Wednesday, June 27, 2012

building stuff and reading

I've had extra time this summer for reading. I love it.  The kids have been playing outside with the neighbors any chance they get.  They don't seem to mind the heat at all.  When we get hot, we all just go get in the pool.  That's pretty much the routine this summer; play outside while I sit and read on the pew, then we go swim.  

He's been busy with his toolbox.  This little gal is our neighbor.  She is often Lou's assistant.  She once told him she might want to marry him.  He avoided her for two weeks.  He finally told her he didn't want to get married.  To her or to anyone.  Ever.  They seem to be speaking again.

Lou managed to get some scrap wood from a few friends so he's been building. When he scored some longer 2x4s today, he was more than pleased. 

He made something everybody could enjoy, some balance beams.

Here's what I've been reading. I really prefer a good nonfiction. 

Look Me in the Eye:  My Life With Aspergers  by John Elder Robinson.  This was a great book my sister passed on to me.  John lived the first 40 something years of his life knowing he was different than other people, but not having a name for it.  He has led such an interesting life and is a great storyteller.  This book made me think of students from years past.  He has another book, Be Different, it's on my list.
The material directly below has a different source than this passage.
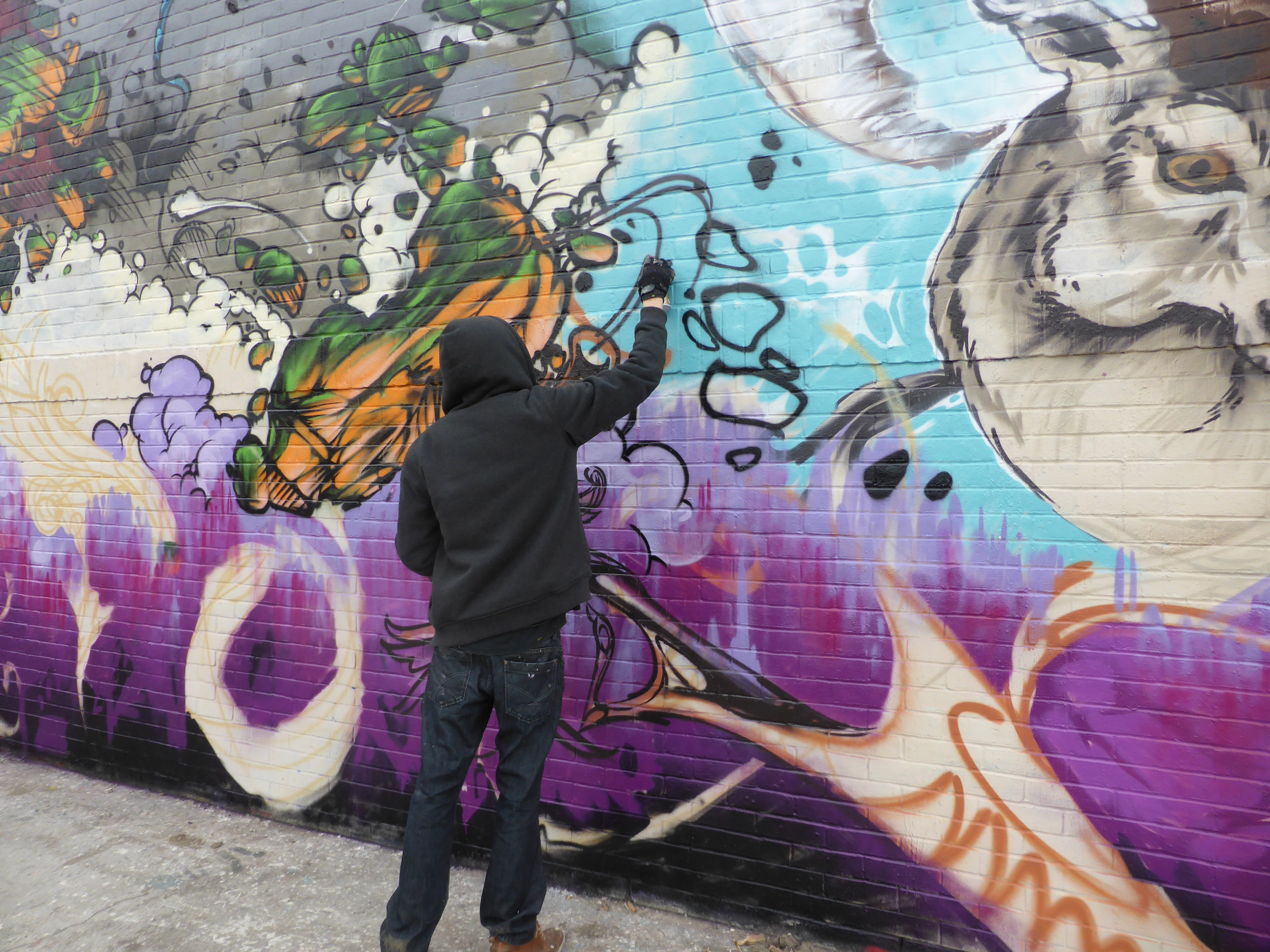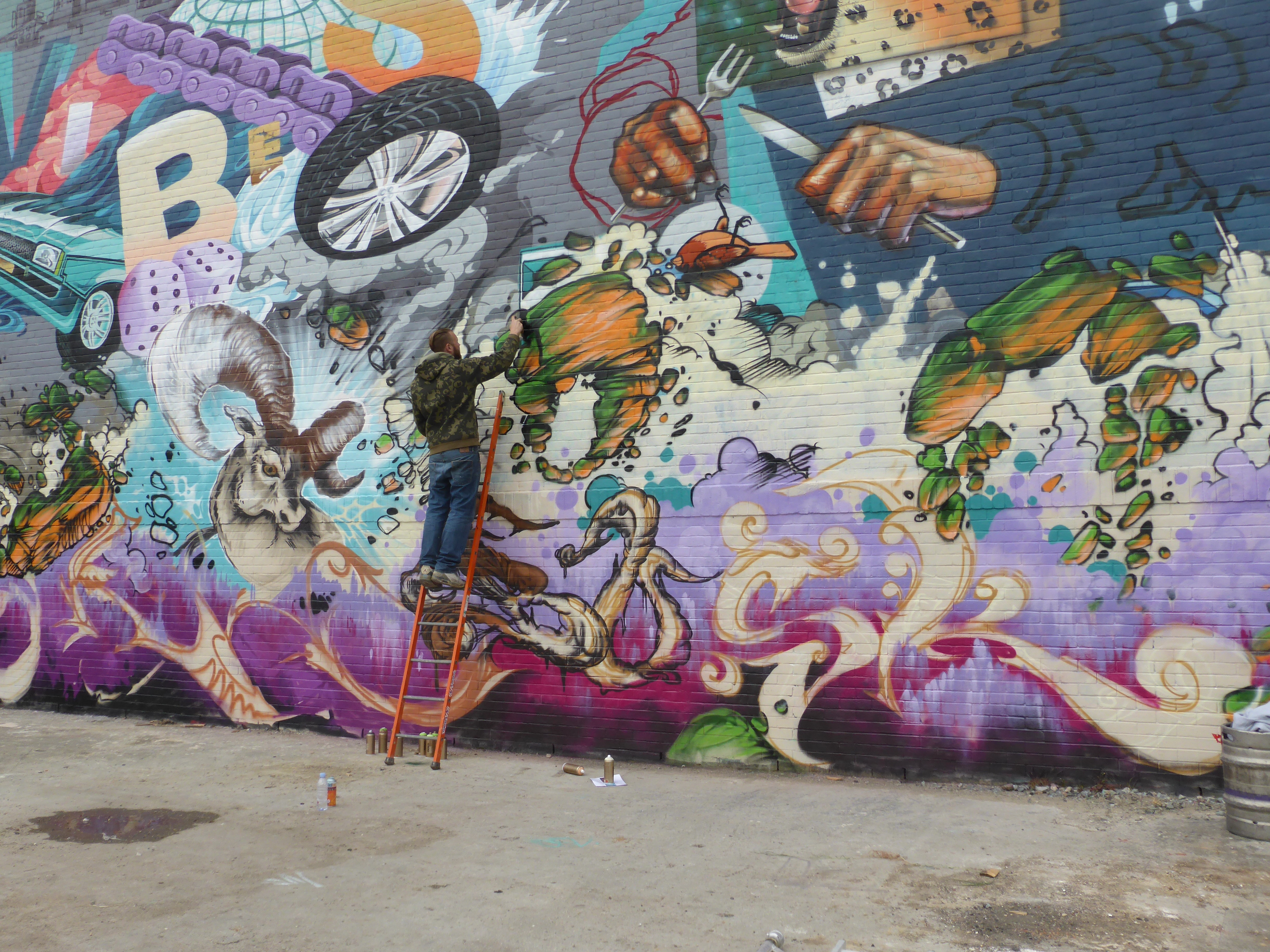 If anyone can let us the name of the art students who did this piece are, please let us know, so we can credit accordingly. They showed up on Saturday and had so much fun, asked if they could paint on Sunday, and were granted the wall to do this.

Nuture Shock by Po Bronson and Ashley Merryman.  This was a great read.  It is full of current research concerning parenting and child development.  There was an excellent chapter on teaching kids self control and another on sleep that I really liked.  Also good stuff on siblings and why kids lie.  The whole book was full of good info. 
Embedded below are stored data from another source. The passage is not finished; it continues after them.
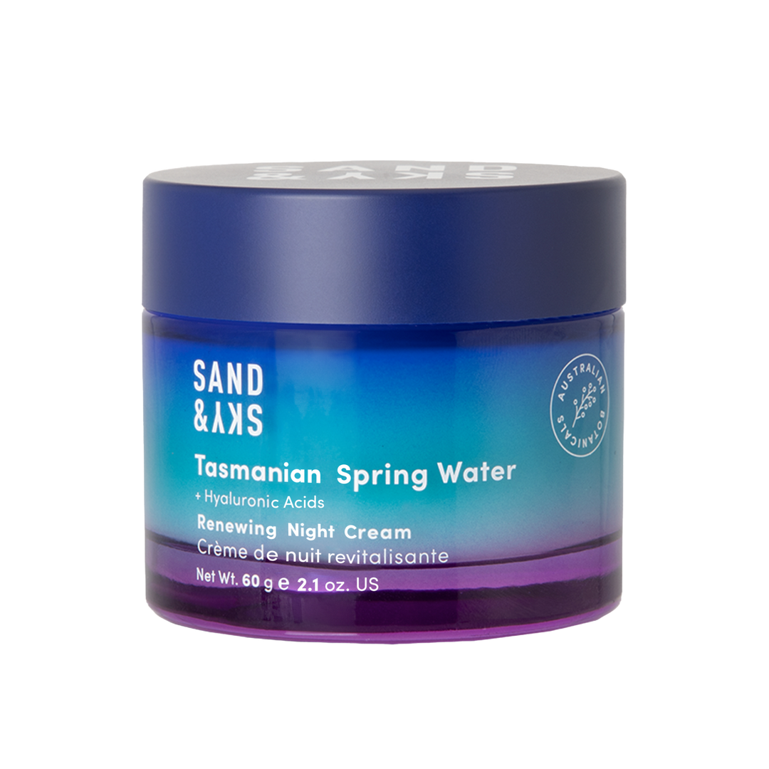 An overnight renewal cream with 3 types of Hyaluronic Acid and Glacial Glycoproteins that boost skin renewal by 56%. Vegan Squalane and Tasmanian Spring Water retain moisture by up to 30%, delivering a 110% increase in hydration and 24% reduction in wrinkles.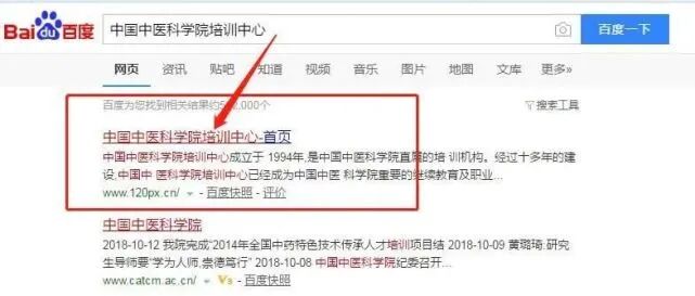步:百度搜索:中国中医科学院培训中心
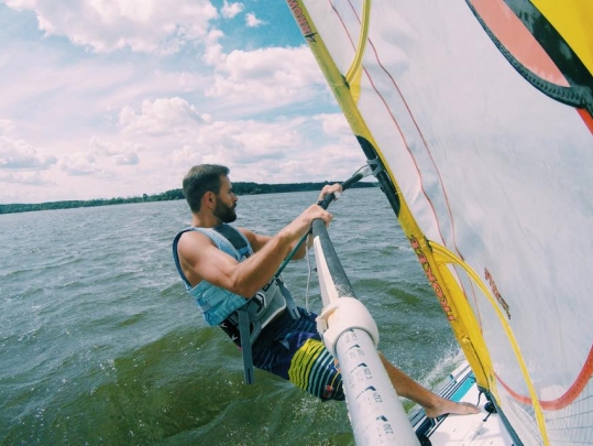 - У дзяцінстве я паспрабаваў велізарную колькасць відаў спорту. Тэніс, плаванне, стральба, футбол, валейбол, баскетбол. Усё ў пэўным сэнсе было на прафесійным ці амаль на прафесійным узроўні. Сёння я пакінуў сабе тры віды спорту. І ў кожным з іх жаданне толькі адно — стаць профі. Першы і самы галоўны ў маім жыцці — пляжны валейбол. Гэта запал. Ад яго я не пазбаўлюся ніколі. Аднойчы са сваімі партнёрамі ўвайшоў у 16 ??наймацнейшых каманд краіны! Другі спорт — рускі більярд. У любы час дня і ночы гатовы згуляць партыю. Штотыдзень гуляю турніры ў більярдавым клубе “Еўропа”. Кажуць більярд — гэта шахматы ў руху. У пэўным сэнсе я з гэтым сцвярджэннем згодны. І трэці спорт — той, дзеля якога я кожны дзень адкрываю сайт windguru.by - менавіта там знаходзіцца інфармацыя з метэастанцыі на Мінскім моры. Менавіта ён паказвае — будзе сёння вецер ці не. Трэці мой спорт — гэта віндсерфінг. Дзеля яго я гатовы мокнуць, мерзнуць і мяняць у секунду ўсе свае працоўныя планы дзеля кайфу ісці пад ветразем. Кайфу слізгацець па вадзе на вялікай хуткасці і ў поўны голас крычаць ад задавальнення! Няма нічога больш неверагоднага, чым адчуваць стыхію! Гэта сапраўдны канцэнтраваны кайф. Спорт мой асабісты псіхолаг, спорт мой любімы сродак ад дрэннага настрою.

Outliers by Malcolm Gladwell.  I really enjoyed this book although it had less to do with 'school' that the others.  It examines what factors lead to people being successful.  He has a few other books that are going on my list, Blink and The Tipping Point.
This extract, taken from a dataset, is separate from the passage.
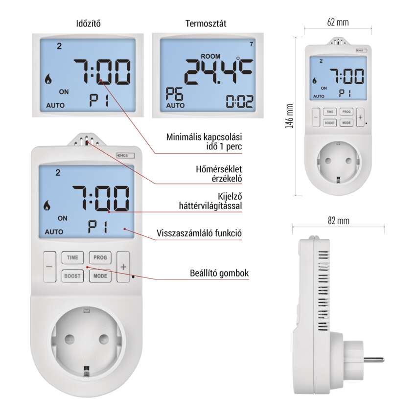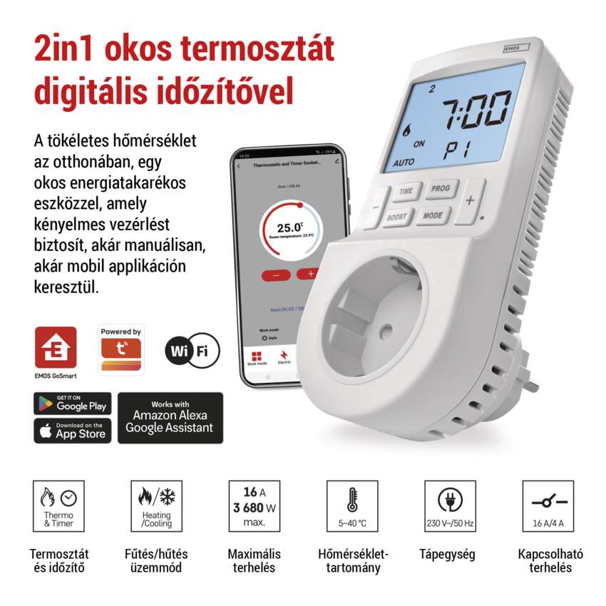 GoSmart 2 az 1-ben konnektoros, digitális termosztát időzítő funkcióval, schuko, WiFi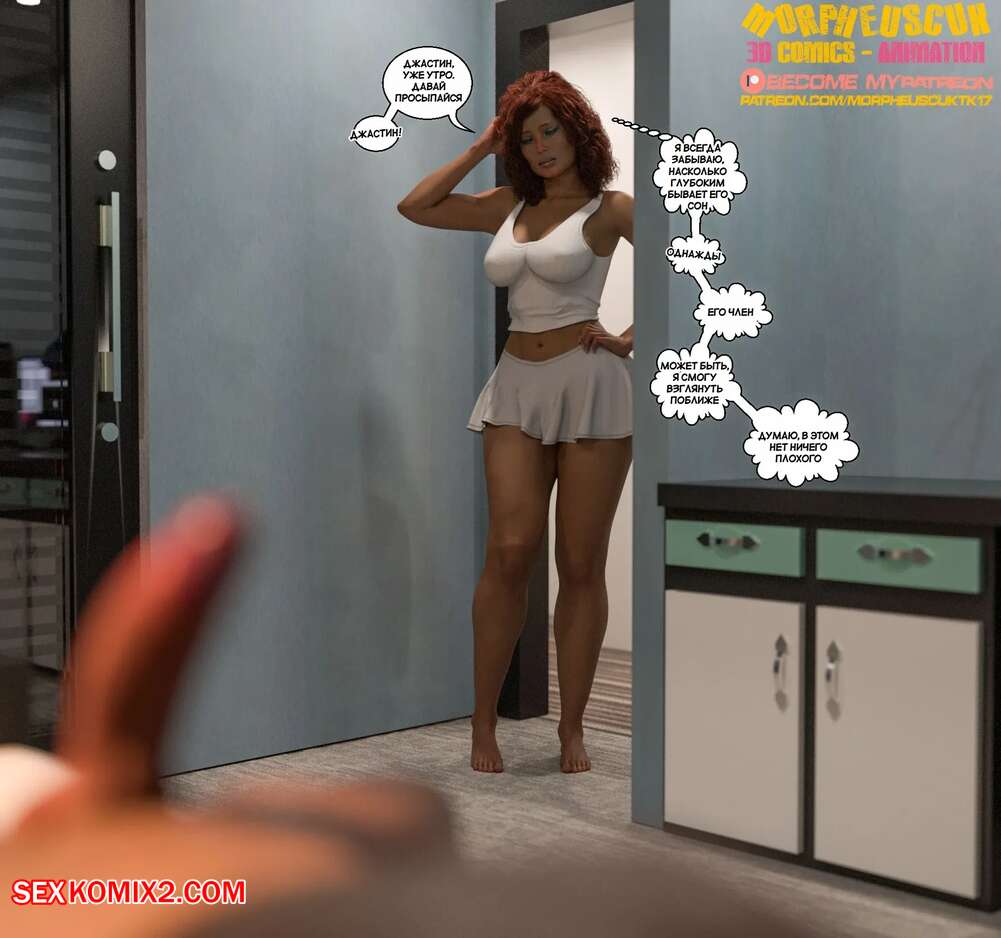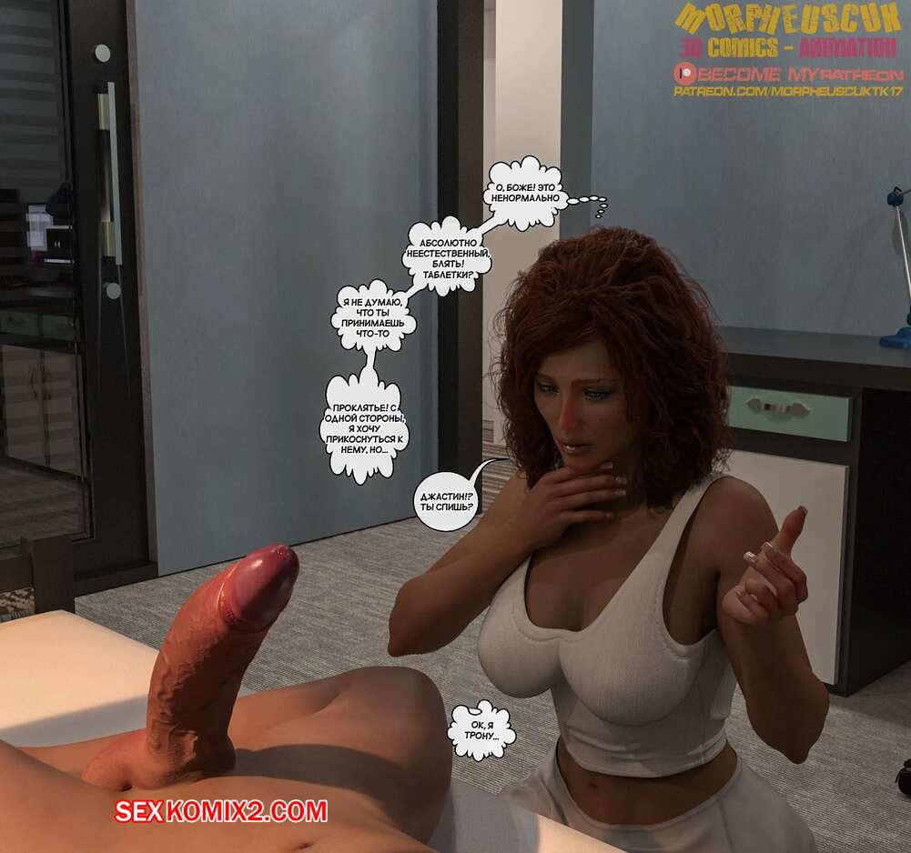 Порно комикс Соседство. Часть 15. Neighborhood. Morpheuscuk Аманда проходила мимо комнаты спящего Джастина и застала парня со стояком. Большой член очень возбудил красотку, поэтому она стала дрочить хуй парня и даже попробовала его на вкус.

Imagine: How Creativity Works  by Jonah Lehrer.  This book was more scientific than the others, but still a fun read.  It explored what settings make for the most creative environment and how big companies like google and pixar get the most creativity out of their employees.  It had some good info for teachers and parents about how to encourage your own creativity as well as that of your little people. 

A few others on the list are:  The Dumbest Generation and Einstein Never Used Flashcards.  Are you reading anything good this summer?  What's on your list?